YOUR INSTRUCTIONS:
Without including any pictures, write out the listing below exactly.

SUPPLIED INFORMATION:
========
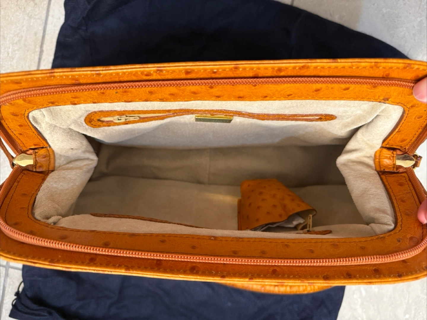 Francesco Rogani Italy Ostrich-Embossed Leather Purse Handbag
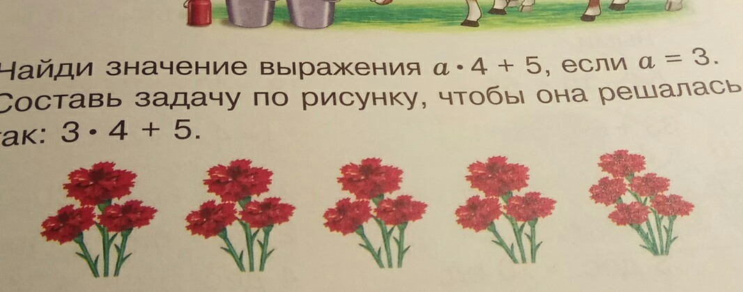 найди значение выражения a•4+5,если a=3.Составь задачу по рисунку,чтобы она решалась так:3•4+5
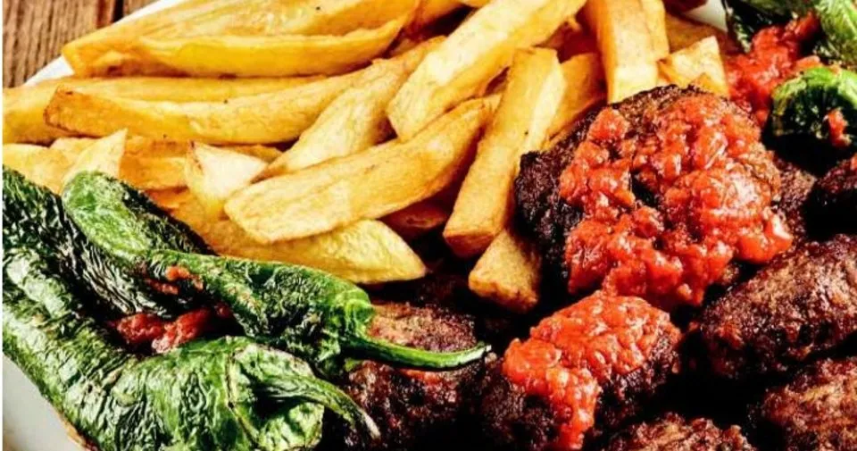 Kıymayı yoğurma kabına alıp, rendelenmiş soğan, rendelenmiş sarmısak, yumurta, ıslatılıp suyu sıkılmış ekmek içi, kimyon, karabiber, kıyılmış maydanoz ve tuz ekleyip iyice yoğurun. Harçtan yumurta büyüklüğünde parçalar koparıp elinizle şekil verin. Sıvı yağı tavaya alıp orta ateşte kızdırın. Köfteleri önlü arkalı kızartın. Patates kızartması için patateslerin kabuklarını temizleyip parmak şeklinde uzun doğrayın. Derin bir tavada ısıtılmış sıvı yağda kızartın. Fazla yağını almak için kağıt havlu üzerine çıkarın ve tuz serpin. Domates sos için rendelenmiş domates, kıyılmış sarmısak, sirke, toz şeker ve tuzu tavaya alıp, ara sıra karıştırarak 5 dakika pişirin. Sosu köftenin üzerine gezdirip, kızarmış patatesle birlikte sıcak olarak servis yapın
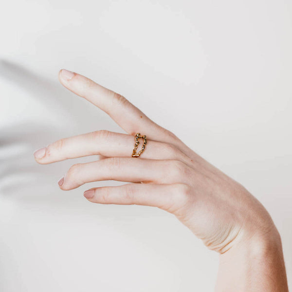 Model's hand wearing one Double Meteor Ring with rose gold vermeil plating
========
WRITTEN REPLY:
 Francesco Rogani Italy Ostrich-Embossed Leather Purse Handbag
 найди значение выражения a•4+5,если a=3.Составь задачу по рисунку,чтобы она решалась так:3•4+5
 Kıymayı yoğurma kabına alıp, rendelenmiş soğan, rendelenmiş sarmısak, yumurta, ıslatılıp suyu sıkılmış ekmek içi, kimyon, karabiber, kıyılmış maydanoz ve tuz ekleyip iyice yoğurun. Harçtan yumurta büyüklüğünde parçalar koparıp elinizle şekil verin. Sıvı yağı tavaya alıp orta ateşte kızdırın. Köfteleri önlü arkalı kızartın. Patates kızartması için patateslerin kabuklarını temizleyip parmak şeklinde uzun doğrayın. Derin bir tavada ısıtılmış sıvı yağda kızartın. Fazla yağını almak için kağıt havlu üzerine çıkarın ve tuz serpin. Domates sos için rendelenmiş domates, kıyılmış sarmısak, sirke, toz şeker ve tuzu tavaya alıp, ara sıra karıştırarak 5 dakika pişirin. Sosu köftenin üzerine gezdirip, kızarmış patatesle birlikte sıcak olarak servis yapın
 Model's hand wearing one Double Meteor Ring with rose gold vermeil plating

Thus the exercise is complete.